* TASK PROMPT: With the pictures omitted, repeat exactly the lines below starting with the line that has "온체인 거래소 내 ETH 재고 감소는 대량의 매수세가 따라 붙습니다." and going on through the line that has "Caminhão tomba na".

Data excerpts
⟨
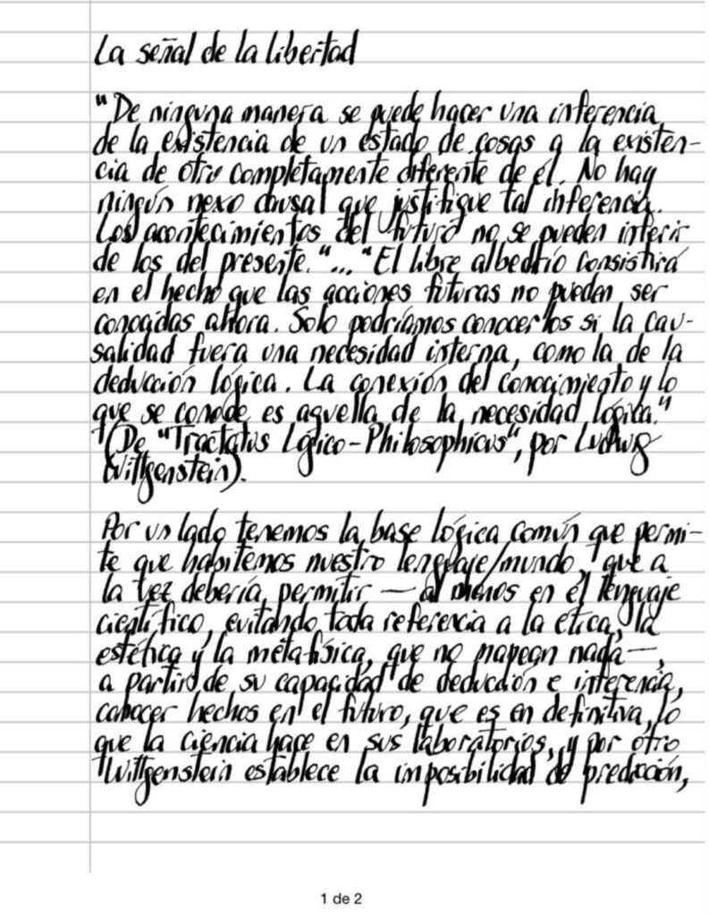 «De ninguna manera se puede hacer una inferencia de la existencia de un estado de cosas a la existencia de otro completamente diferente de él. No hay ningún nexo causal que justifique tal inferencia. Los acontecimientos del futuro no se pueden inferir de los del presente.» … «El libre albedrío consistirá en el hecho que las acciones futuras no pueden ser conocidas ahora. Solo podríamos conocerlos si la causalidad fuera una necesidad interna, como la de la deducción lógica. La conexión del conocimiento y lo que se conoce es aquella de la necesidad lógica.» (De «Tractatus Logico -Philosophicus», por Ludwig Wittgenstein).
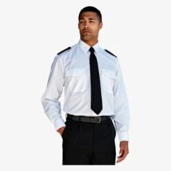 65% polyester, 35% coton, popeline simple. 2 poches avant boutonnées et emplacement stylo sur côté gauche.Poignets boutonnés. Galons non fournis. Entretien facile.
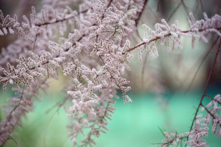 Blossoming Tamaricaceae branches. Tamarix meyeri boiss.
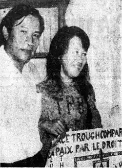 Although WILPF members had secured offers for a guest professorship at Columbia University and Bryn Mawr College following her release,[42] Vân was doubtful that she would be permitted to leave the country.[13] She decided that she needed to remain in Vietnam to work for peace. Despite the lack of recognition by the Thiệu government, the Third Force was recognized as an equal participant in the Paris Peace Accords negotiations.[36][43] Surveillance by the national police resumed and in October 1973 she was attacked by two unknown men, who she thought were policemen.[37] Vân met frequently with foreign correspondents, giving over 110 interviews over the next 15 months.[44] She resumed her international correspondence with the aim of keeping alive ties between the Women's Right to Live and WILPF. Among the numerous programs she spearheaded was a successful campaign for WILPF members to monitor political prisoners through an adopt-an-inmate program.[45] She continued to press for a political solution to end the war because, despite the US troop withdrawal, neither of the combatants was willing to lose strength and initiate demobilization. North Vietnamese troops continued to have a presence in Saigon[37] and Thiệu continued to suppress dissidents and refused to abide by the terms of the peace agreement. This ultimately led to the Fall of Saigon.[46]
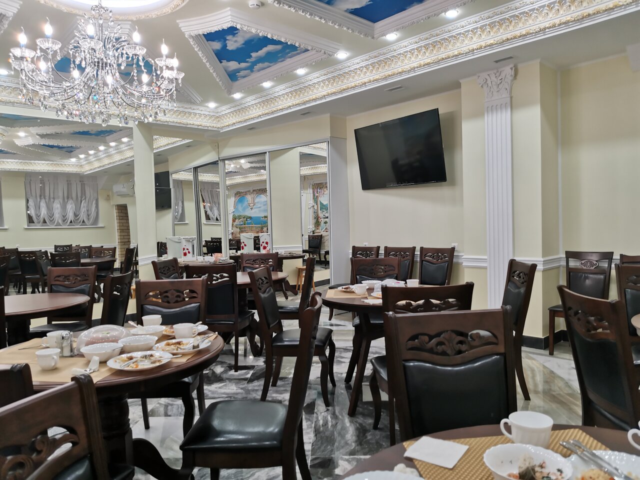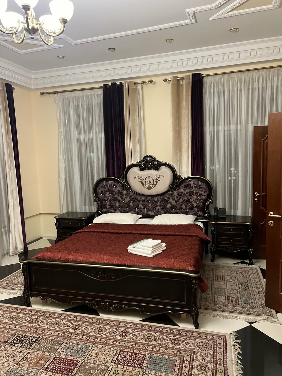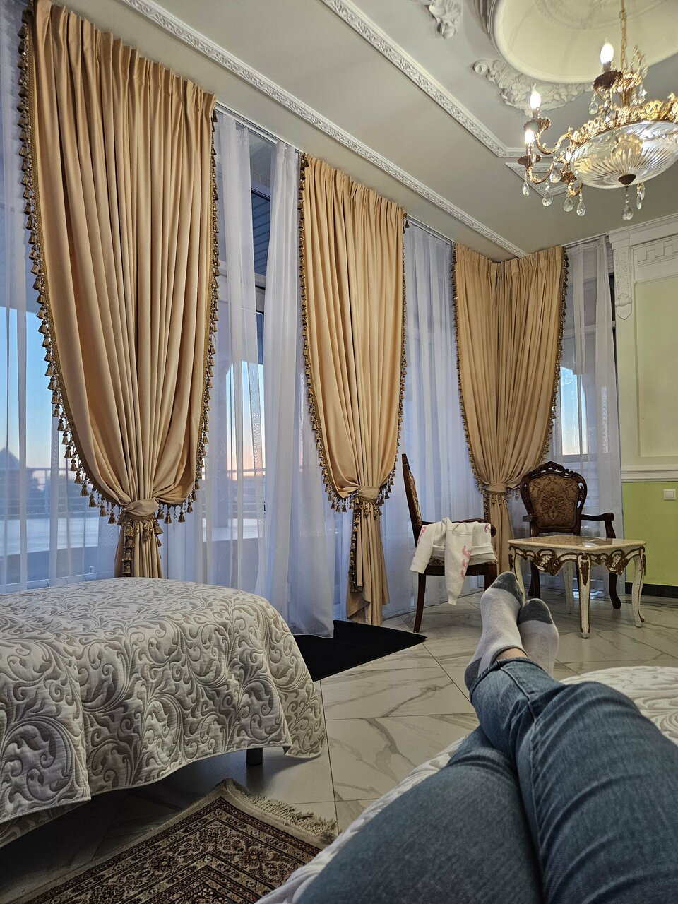 Очень пафосно, но уюта нет , за состоянием следят плохо. Завтрак минимальный. Ценник не соответствует уровню обслуживания, но конкуренции рядом нет, поэтому деваться некуда
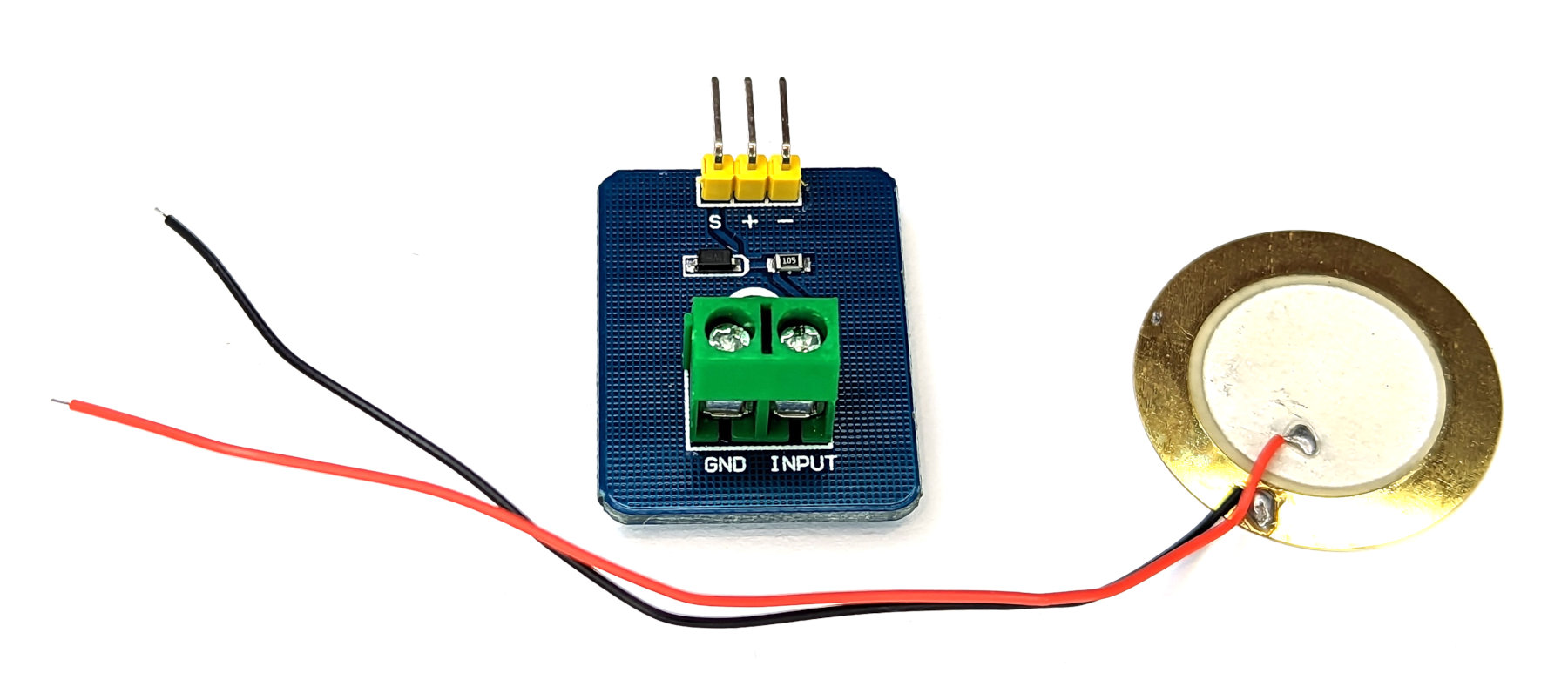 The unit that we will test comes in two parts. There is an interface board which incorporates two screw terminals which attach to the sensor proper.
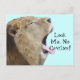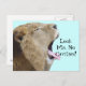 Original photo of a male lion with his mouth wide open, and his tongue sticking way out and "Look Ma, No Cavities!" in loud bold font blasting right next to his open mouth showing his big teeth. Light blue background can easily be changed to any color. Just click on customize and then click on color to change it. A perfect and funny postcard for dentist offices for dental appointment reminders.
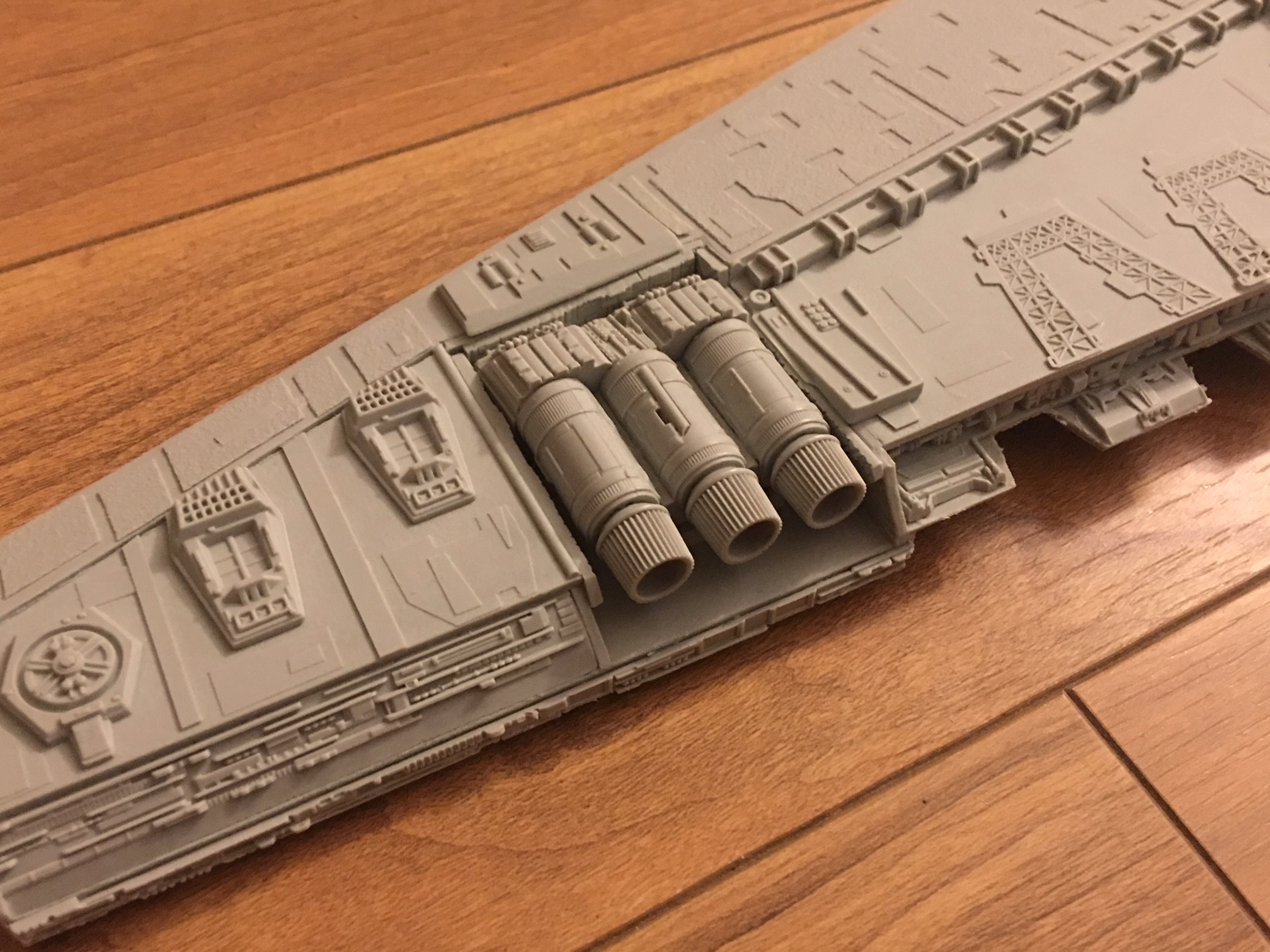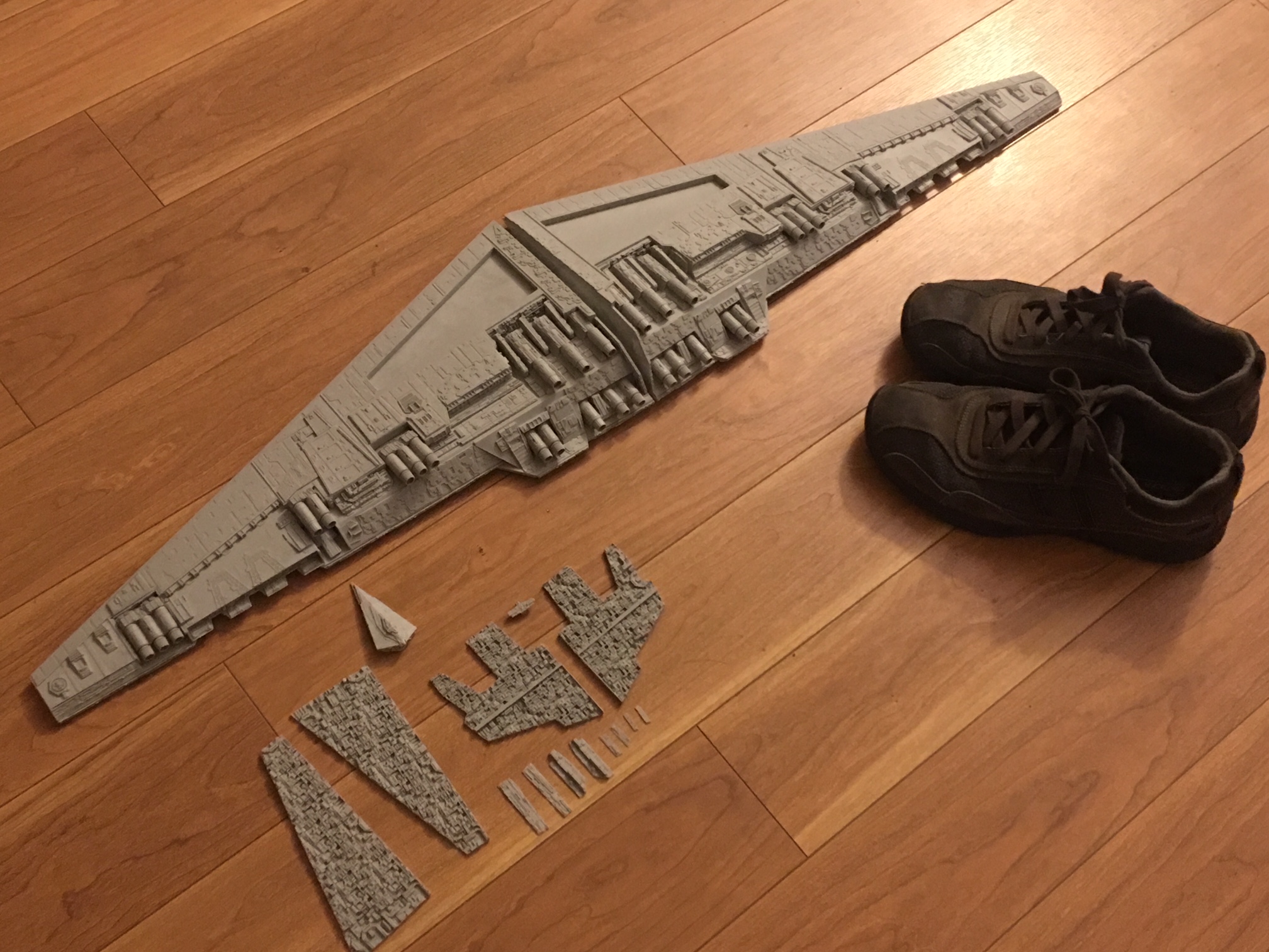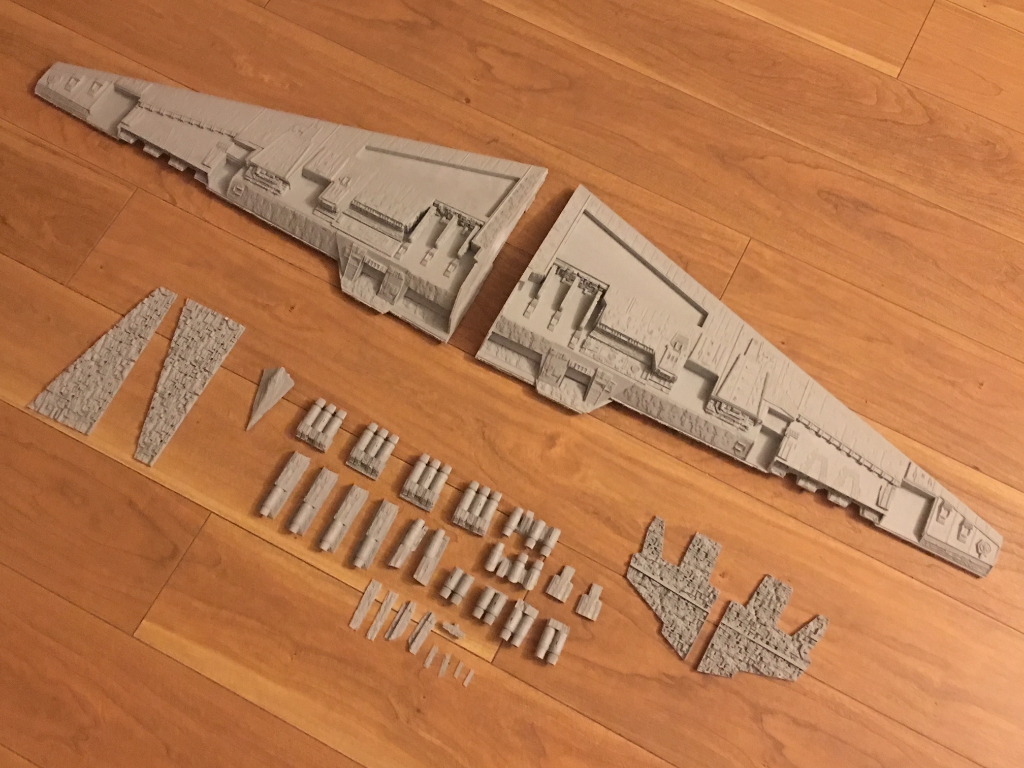 Kit Description: Patterned by Mark Worley, Korbanth Sabers is now offering this fantastic ~40 Inch wide model! Highly detailed for it’s size, this model also comes with Kylo Ren’s and General Hux’s Resurgent Class Star Destroyer, “Finalizer”, which is to scale with Snoke’s Mega-class Star Dreadnought “Supremacy” Star Destroyer! Add this magnificent model to your collection today!
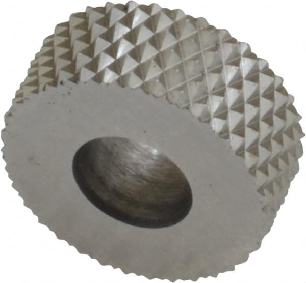Made in USA - 5/8" Diam, 90° Tooth Angle, 20 TPI, Standard (Shape), Form Type High Speed Steel Male Diamond Knurl Wheel - 1/4" Face Width, 1/4" Hole, Circular Pitch, 30° Helix, Bright Finish, Series GK
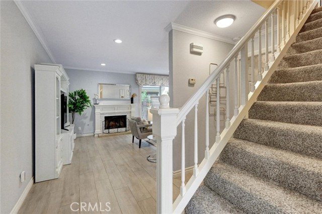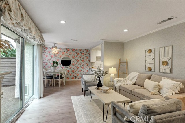 Charming and updated townhouse located in the highly sought-after and well-manicured Glendora Gardens community. You'll feel right at home once you enter the light-filled and spacious living room with clean lines and cozy fireplace. Beautiful flooring throughout. Seamless transition to the remodeled kitchen and dining area. Sliding doors will take you out to a fully-enclosed and private patio area. Updated guest bathroom located downstairs. Upstairs you'll find two large bedrooms with new carpeting and each with their own remodeled bathrooms and balconies. Laundry room is conveniently located inside. Finished two-car attached garage offers plenty of storage place. Corner unit offering more privacy and great curb appeal. Welcome home!
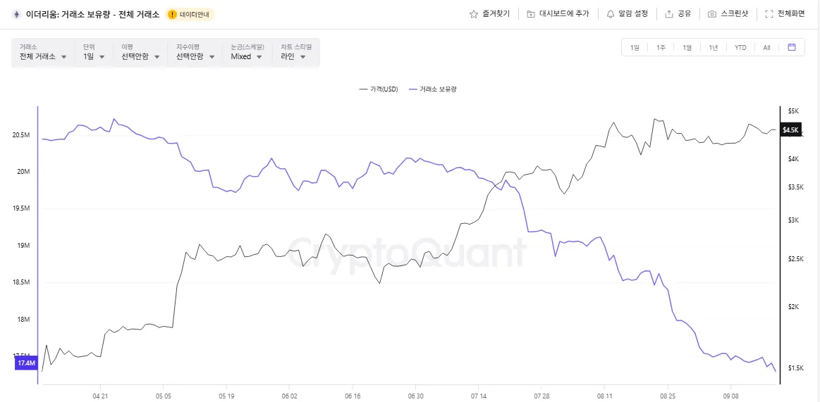 온체인 거래소 내 ETH 재고 감소는 대량의 매수세가 따라 붙습니다.
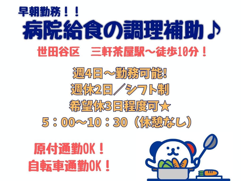 【週4日~勤務OK!早朝勤務で午後充実】病院内給食の調理補助スタッフ!<即日勤務OK>
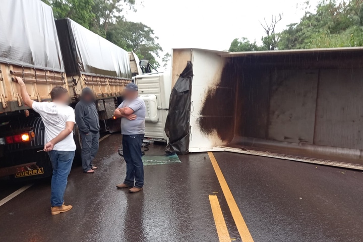 Caminhão tomba na rodovia entre Umuarama e Xambrê e trecho fica interditado nesta manhã
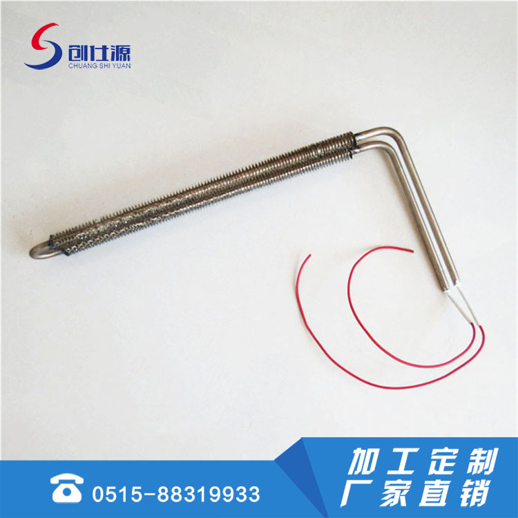 翅片加热管采用优质不锈钢、改性氧化镁粉、高电阻电热合金丝、不锈钢散热片等材料,在金属管中放入电热元件,并在空隙部分紧密填充有良好耐热性、导热性和绝缘性的结晶氧化镁/粉,通过先进的生产设备和工艺制作而成。翅片电加热管可以安装在吹风管道中或其它静止、流动空气的加热场合。 是在普通元件表面缠绕金属散热片,与普通元件相比散热面积扩大了2~3倍,即翅片元件所允许的表面功率负荷是普通元件的3~4倍。由于元件的长度缩短,使得本身的热损失减小,在相同的功率条件下具有结构简单,机械强度高、升温快、发热均匀、散热性能好、热效率高、使用寿命长、加热装置体积小,成本低,安装简便等优点。
⟩
* EXERCISE RESPONSE:
 온체인 거래소 내 ETH 재고 감소는 대량의 매수세가 따라 붙습니다.
 【週4日~勤務OK!早朝勤務で午後充実】病院内給食の調理補助スタッフ!<即日勤務OK>
 Caminhão tomba na rodovia entre Umuarama e Xambrê e trecho fica interditado nesta manhã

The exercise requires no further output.